### Description of the task
Pictures in the data should be dropped; transcribe exactly the lines from the one that has "hash方法 我们拿JDK 1.7的HashMap为例,其中定义了一个final" through the one that has "ぜひご参加下さい!... お待ちしています(*^_^*) さくらの会会報を読み...".

### Items from a dataset
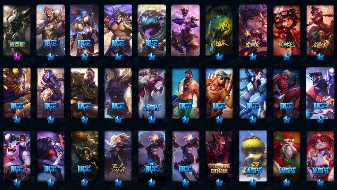 9500皮肤❤全至臻海克斯❤全年限周年❤六色龙瞎❤冰桶莲花
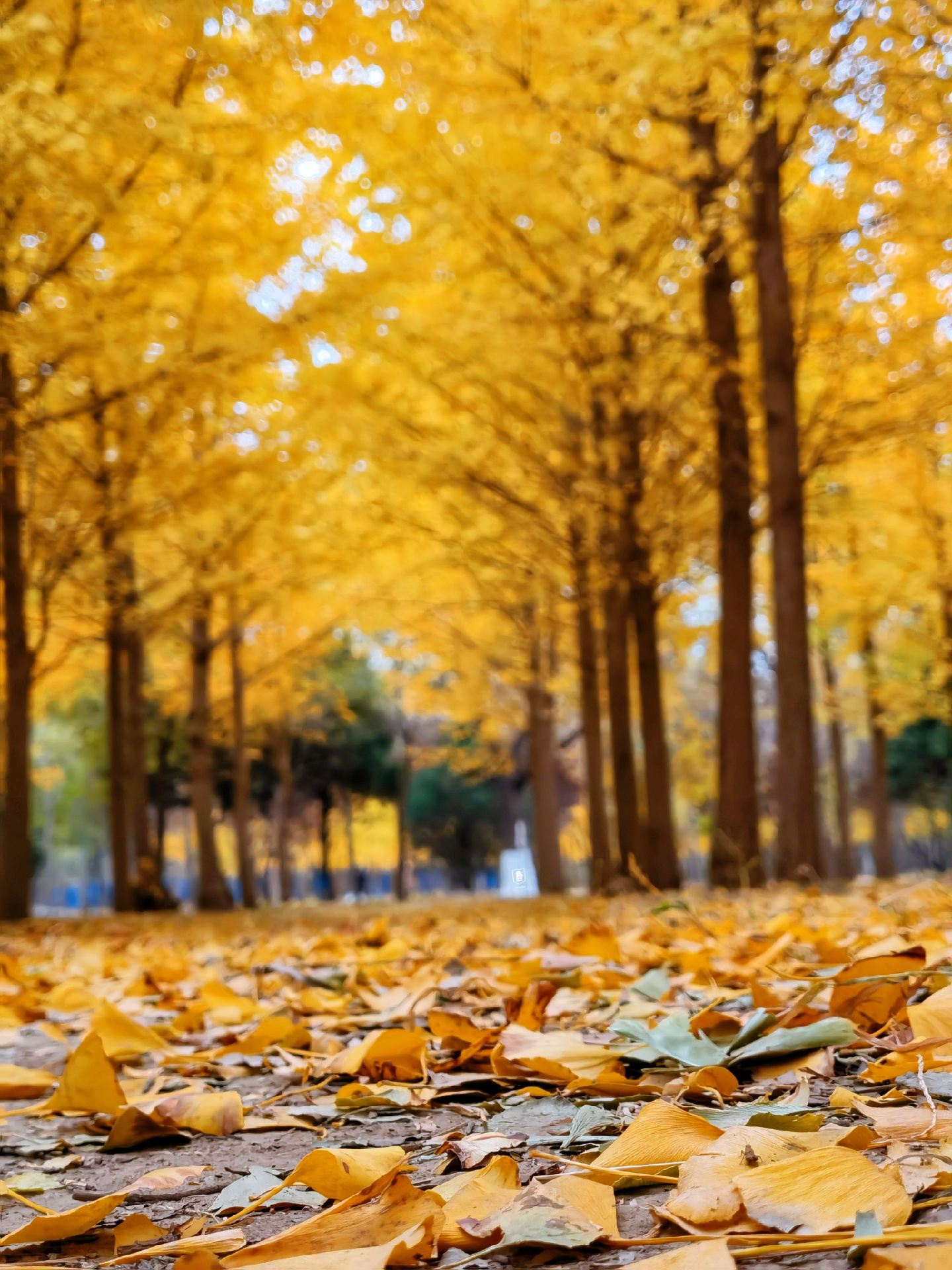 目前银杏林的银杏已经基本上都黄了,少数几颗有一点绿!
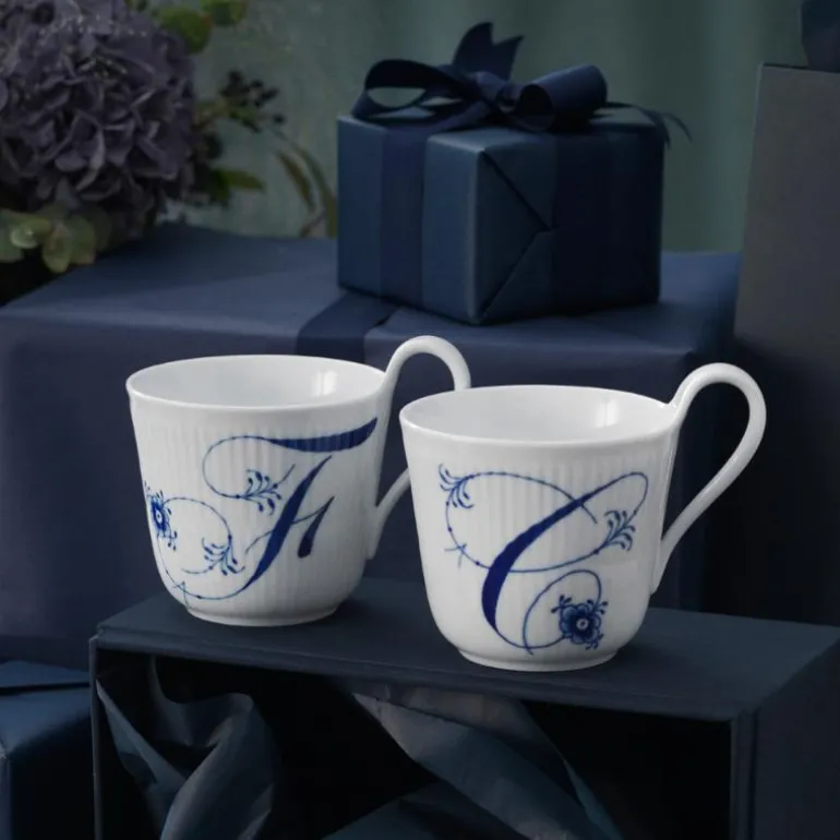 Høyhankskruset alfabet F på 33 cl er en Royal Copenhagen-klassiker, og hvorfor ikke sette et ekstra personlig preg på favorittkoppen din? På dette Alfabet-kruset med bokstav er de delikate palmettene og blomstene fra Musselmalt Riflet-kolleksjon vakkert integrert i bokstaven og håndmalt i klassisk koboltblå.
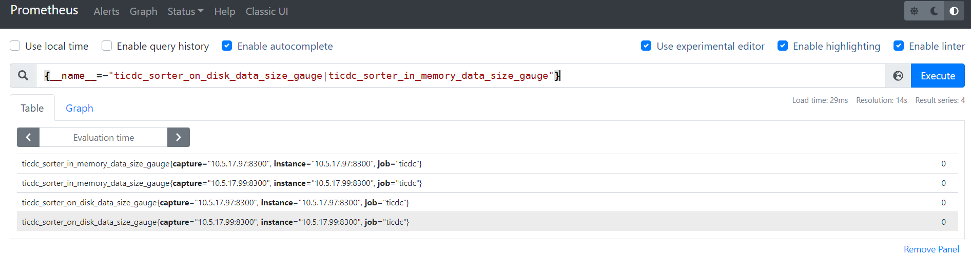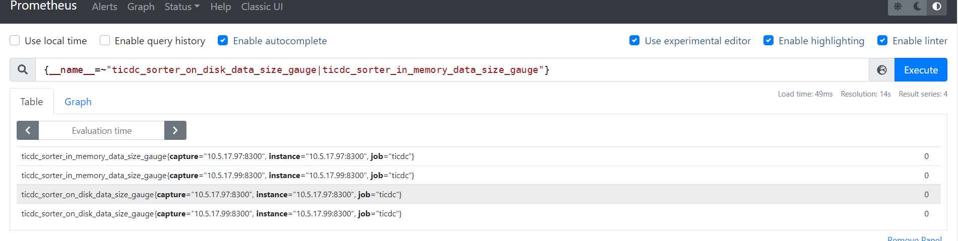 ticdc_sorter_on_disk_data_size_gauge{capture="10.5.17.97:8300"} 0
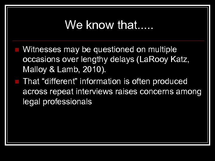 We know that. . . n n Witnesses may be questioned on multiple occasions over lengthy delays (La. Rooy Katz, Malloy & Lamb, 2010). That “different” information is often produced across repeat interviews raises concerns among legal professionals
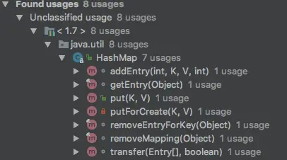 hash方法 我们拿JDK 1.7的HashMap为例,其中定义了一个final int hash(Object k) 方法,其主要被以下方法引用。
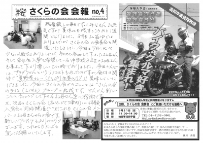 JUGEMテーマ:不登校・発達障害・学習障害を支援する学校 JUGEMテーマ:まだ間に合う高校受験 JUGEMテーマ:転入学・編入学 JUGEMテーマ:バイク・クルマ好き集まれ! JUGEMテーマ:自分に合った高校探し JUGEMテーマ:通信制高校 【さくらの会】 KTS柏高等技術学園〜さくらの会〜の会報が出来上がりました!! さくらの会会員の皆さまには、ご自宅へ郵送させていただきました。 次回のさくらの会開催日も載っています。 ぜひご参加下さい!... お待ちしています(*^_^*) さくらの会会報を読み...
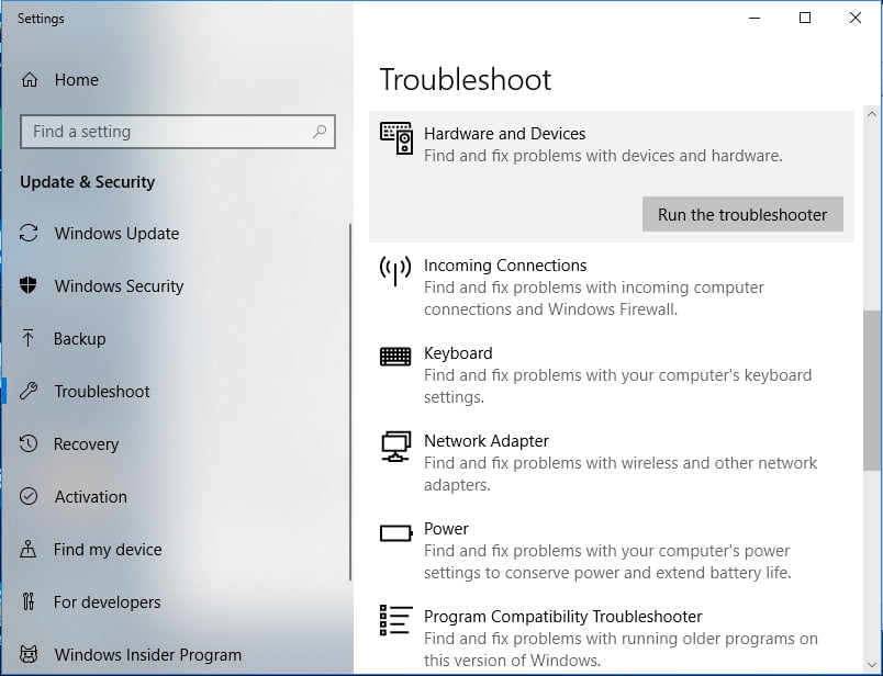 - Once the Troubleshoot window is up, scroll down until you find the entry for Hardware and Devices. Select it, then click Run the Troubleshooter.

### The answer
 hash方法 我们拿JDK 1.7的HashMap为例,其中定义了一个final int hash(Object k) 方法,其主要被以下方法引用。
 JUGEMテーマ:不登校・発達障害・学習障害を支援する学校 JUGEMテーマ:まだ間に合う高校受験 JUGEMテーマ:転入学・編入学 JUGEMテーマ:バイク・クルマ好き集まれ! JUGEMテーマ:自分に合った高校探し JUGEMテーマ:通信制高校 【さくらの会】 KTS柏高等技術学園〜さくらの会〜の会報が出来上がりました!! さくらの会会員の皆さまには、ご自宅へ郵送させていただきました。 次回のさくらの会開催日も載っています。 ぜひご参加下さい!... お待ちしています(*^_^*) さくらの会会報を読み...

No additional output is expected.